Podcast Transcriber

Overview

The Podcast Transcriber project is designed to automate the process of transcribing podcast episodes and managing those transcripts. It allows users to submit transcription jobs, check their statuses, and handle the resulting transcripts. This tool is particularly useful for podcast creators who need to efficiently manage transcripts, synchronize them with audio, or edit content.

Technologies

  • AWS Transcribe - for transcriptions
  • ChatGPT for polishing the results

How to Use

Programmatic Approach

  1. Submit a Transcription Job: Use the submit_transcribe_job.py script to submit a new transcription job. This script downloads an audio file from YouTube using the provided YouTube video ID, uploads it to an S3 bucket, and starts a transcription job.

    python submit_transcribe_job.py <youtube_video_id>
  2. Check Transcription Job Status: Use the check_transcribe_jobs.py script to check the status of ongoing transcription jobs. This helps you monitor whether your submitted jobs are complete and ready for processing.

    python check_transcribe_jobs.py
  3. Process Transcripts: Once transcripts are ready, they are stored in the transcripts/raw directory. These files are plain text with time-coded entries to synchronize with the podcast audio.

Post-Processing the Transcripts

After transcription jobs are completed, the resulting transcripts are saved in the transcripts/raw directory. These files include timecodes that allow for easy navigation and editing. To refine and finalize these transcripts, use ChatGPT as follows:

  1. Editing with ChatGPT:

    Open each transcript file and use ChatGPT to refine and edit the text. Follow the "Prompt for Correcting" in the prompt.md file to:

    • Remove unnecessary filler words.
    • Correct grammatical errors and improve sentence clarity.
    • Use specific names for the host and guest.
    • Keep the structure with timestamps for synchronization.

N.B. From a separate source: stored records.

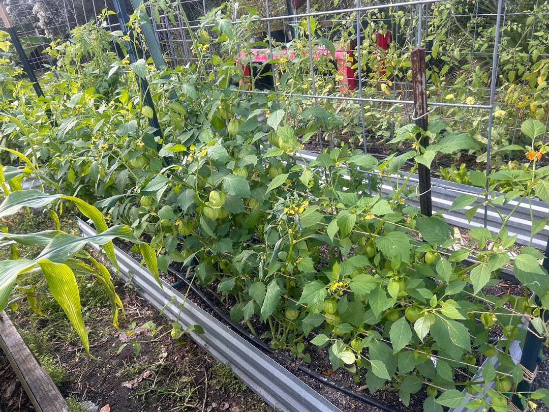 The amount of tomatillos I got off two plants stocked my freezer and pantry with so much salsa I will not have to plant them next year. Beautiful way to trellis them- they will break free.
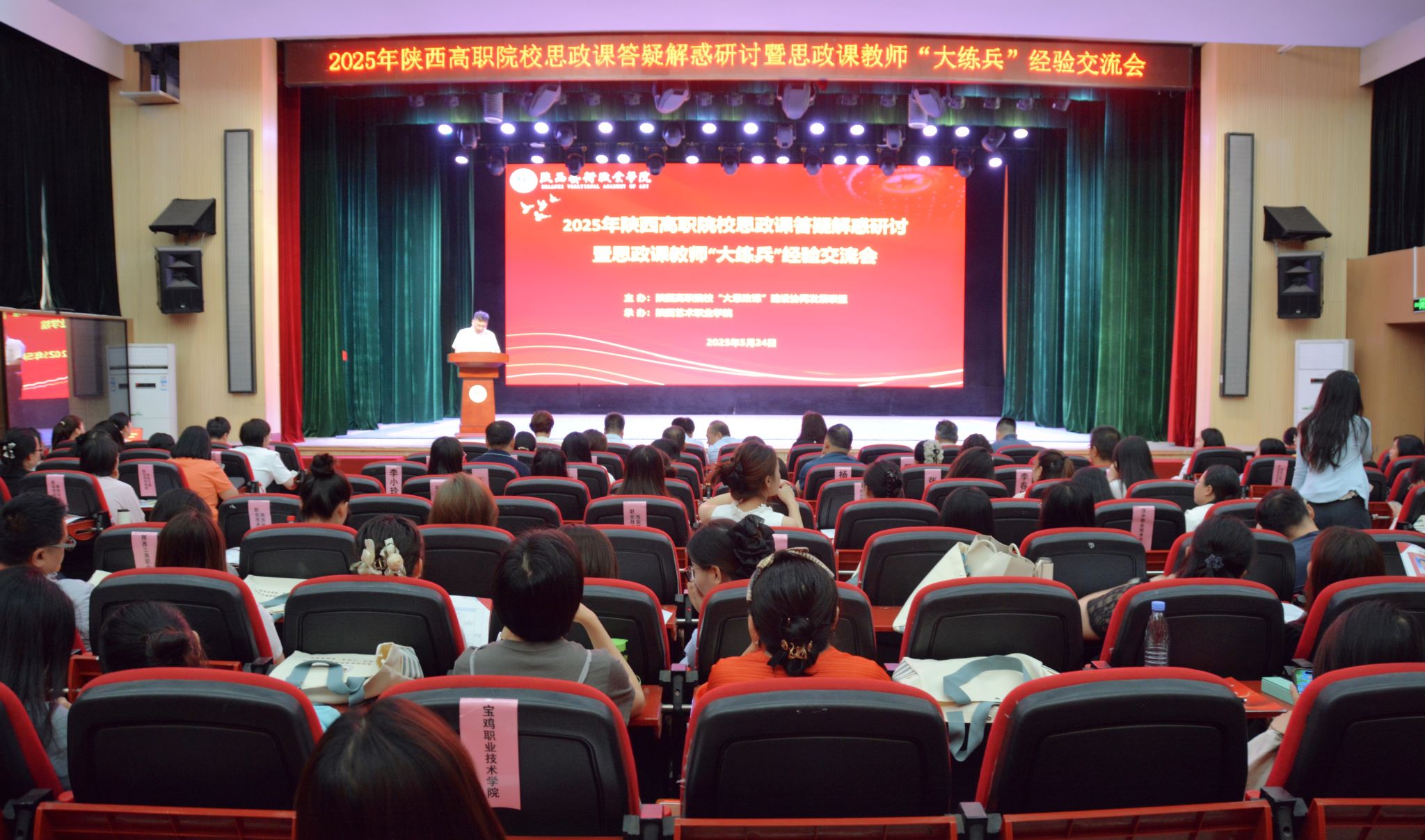 5月24日,由陕西高职院校“大思政课”建设协同发展联盟主办的2025年陕西高职院校思政课答疑解惑研讨暨思政课教师“大练兵”经验交流会在陕西艺术职业学院成功举办。联盟副理事长、学校党委副书记刘瑞明出席会议并致辞。马克思主义学院负责人及教研室主任、教师代表参加会议。
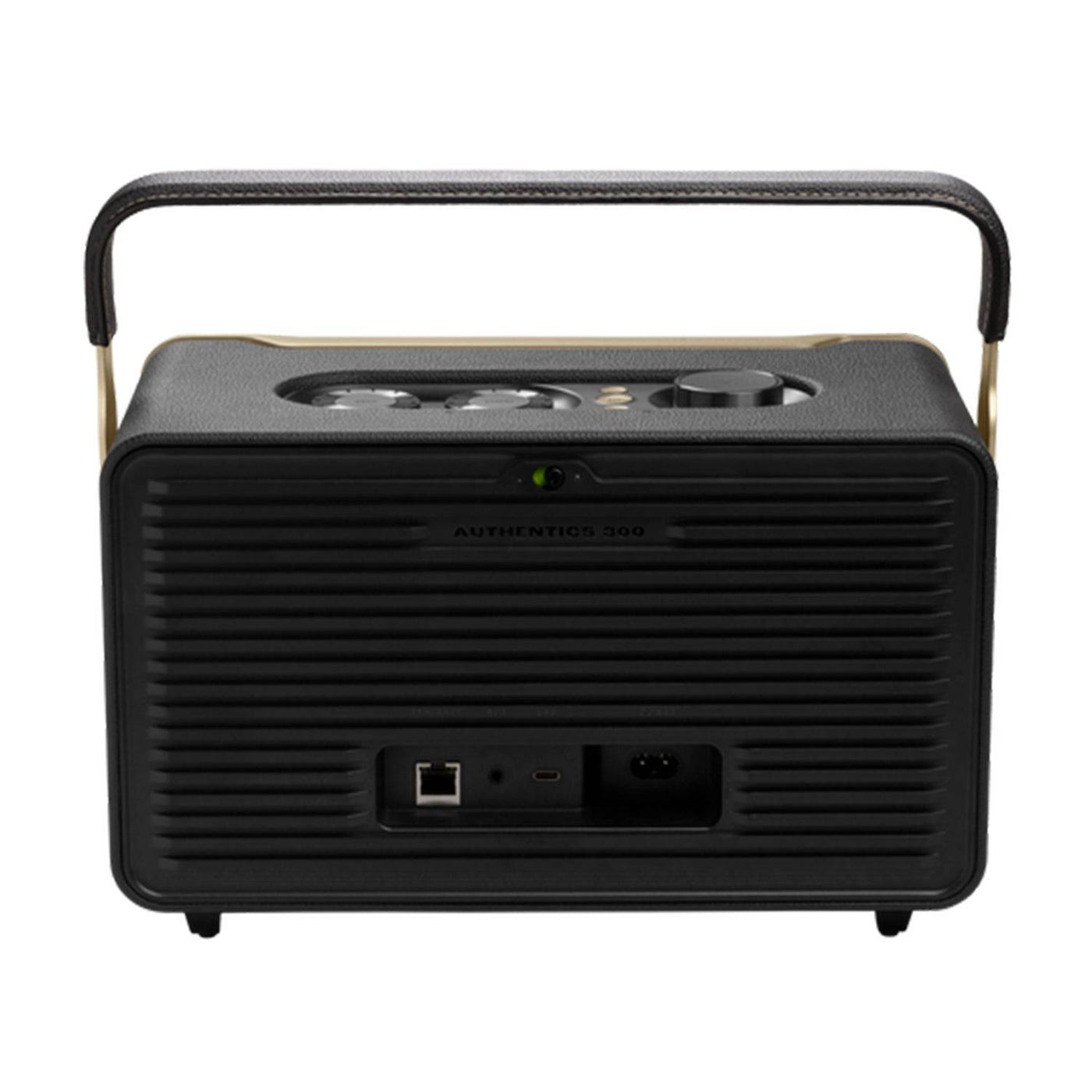 JBL Authentics 300 ofrece un estilo icónico inspirado en los diseños retro clásicos de JBL, en un altavoz portátil que queda genial en cualquier entorno. Llenará fácilmente cualquier espacio con un sonido JBL superior, por grande o pequeño que sea. Además, la práctica asa de aluminio premium del altavoz, el receptáculo de piel personalizado y la rejilla Quadrex reinventada muestran la atención que prestamos a cada detalle visual, hasta el patrón especial característico de JBL que rodea el radiador pasivo de proyección descendente.
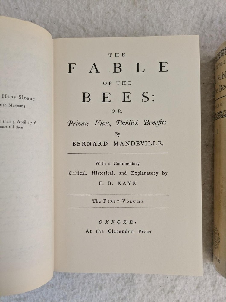 Bernard Mandeville THE FABLE OF THE BEES 2 Vol. Set 1966 Oxford University Press Later Printing In very good condition. Dust jackets protected by a removable mylar sleeve. Vol. 2 DJ is torn. Please examine photos for details. Condition: We strive to describe and photograph the condition of every item as accurately as possible. Photos are of the actual item that is being sold. Please examine the photos carefully for any condition details and possible flaws. Best Offers: Items are available for offers after being listed for 30 days. We consider all offers in relation to current market values. We try to respond almost immediately to most offers. Most of our counteroffers are firm but we are open to bargaining. Shipping for US Customers: We combine shipping. All of our orders are packed carefully to prevent damage during shipment. We ship most of our items within 24 hours. Shipping for International Customers: All international orders are shipped via Ebay's Global Shipping Program. Contact Us: We are available 7 days a week and are happy to answer any questions you may have. Attention Sellers - Get Templates Image Hosting, Scheduling at Auctiva.com.

    Refer to the Prompt for Correcting section in the prompt.md file for detailed instructions on how to use this prompt.

  2. Creating Titles and Sections:

    • Use ChatGPT to generate a structured outline with titles for key topics discussed in the podcast. Follow the "Prompt for Titles" in the prompt.md file to create topic titles and provide timestamps.

    Refer to the Prompt for Titles section in the prompt.md file for detailed instructions on how to use this prompt.

Using GitHub Actions

This project supports automation through GitHub Actions, allowing users to submit transcription jobs and check job statuses directly from the GitHub interface.

  1. Submit a Transcription Job via GitHub Actions:

    • Navigate to the "Actions" tab in your GitHub repository.
    • Select the "Submit Transcribe Job" workflow from the list of available workflows.
    • Click on the "Run workflow" button.
    • Provide the required YouTube ID for the audio file you wish to transcribe and start the workflow.

    The workflow is defined in .github/workflows/submit_transcribe_job.yml and will automatically handle the submission of a new transcription job using the provided YouTube ID.

  2. Check Transcription Job Status via GitHub Actions:

    • Navigate to the "Actions" tab in your GitHub repository.
    • Select the "Check Transcribe Jobs" workflow.
    • Click on the "Run workflow" button to manually trigger a check on the transcription job statuses.

    The workflow is defined in .github/workflows/check_transcribe_jobs.yml and will run the check_transcribe_jobs.py script to update the status of ongoing jobs.

Environment Variables

For both programmatic and GitHub Actions usage, ensure that the following environment variables are set (typically in the GitHub Secrets for GitHub Actions):

  • AWS_ACCESS_KEY_ID
  • AWS_SECRET_ACCESS_KEY
  • AWS_DEFAULT_REGION
  • AWS_REGION
  • S3_BUCKET (default: podcast-audio-storage)

These are used to authenticate and interact with the cloud services handling the transcription jobs.

File Descriptions

  • .envrc_template: Template for environment variables. It should be copied to .envrc and filled with necessary configuration details like API keys.
  • .github/: Contains GitHub workflows for automating tasks such as testing and deployment.
  • Pipfile & Pipfile.lock: Define the Python environment and dependencies needed to run the project.
  • check_transcribe_jobs.py: Script to check the status of transcription jobs submitted to the external service.
  • jobs/: Directory to store job-related metadata and temporary files.
  • prompt.md: Contains the prompt or instructions for the transcription process, including sections for correcting transcripts and generating titles.
  • submit_transcribe_job.py: Script to submit new transcription jobs.
  • transcripts/raw/: Directory for storing raw text transcripts with timecodes.

Getting Started

  1. Clone the repository:

    git clone <repository_url>
    cd podcast-transcriber-main
  2. Install dependencies using Pipenv:

    pipenv install
  3. Set up environment variables by copying .envrc_template to .envrc and filling in the required API keys and settings.

  4. Run transcription jobs and manage transcripts as outlined in the usage section.

Contributing

Contributions are welcome! Please create a new branch for each feature or bug fix, and submit a pull request for review.